In a mission more specific to NASA, data powered Perseverance’s Feb. 18 landing on Mars. The autonomous robotic vehicle landed on its own using artificial intelligence and continues to learn about the Red Planet through AI. It’s just one example of the possibilities that AI and machine learning hold, Thompson said.
“That area in artificial intelligence and machine learning is one that we’re just scratching the surface on,” he said. “Robotic process automation is another. That’s a more mature area, and we’re very excited about that because we can elevate what our talent is using right now -- manual processes -- and really look at bringing in robotic process automation to automate and eliminate the human out of the routine task and elevate them to more cerebral work that we need to do.”
Another new technology Thompson is excited about is digital twins. In the past, he said, NASA engineers would design empirical models, build them and put them in a wind tunnel. It was a continuous cycle of building, testing and revising. But through an aspect of digital transformation called “model-based everything,” the agency can build and test digital twins before assembling a physical aircraft.
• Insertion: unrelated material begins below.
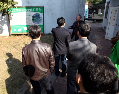 在艺术学院新区综合大楼一楼大厅,卢福财一行仔细听取我校后勤管理处关于节能工作的汇报。随后,到现场考察了我校太阳能路灯改造项目及污水处理厂。省考评组对我校在节能管理方面取得的成绩给予了充分肯定,并对我校使用的节能新技术和新设备给予称赞。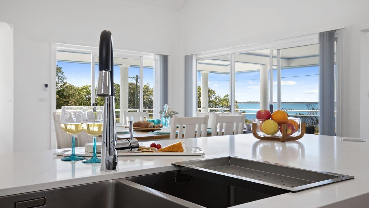 Beautiful views from the front deck and a large living space. Table tennis and the theatre room were fantastic for kids. Highly recommended—Bay Views Callala Bay.

“Before you cut any metal, you have a digital twin in the cloud,” Thompson said. “We can tie in cloud-based offerings and analytics … before we actually make a physical model of a particular aircraft, a wing or an element of an aircraft,” he said. We’re absolutely able to test, validate and verify before [building] anything.”
The biggest challenge to all these changes is not in technology, but culture, Thompson said. To make the most of the technology, NASA must first get employee support for using it.
“I believe there are many advances in technology that we could bring to bear today, but the largest hurdle is doing something differently than we have done in the past,” he said.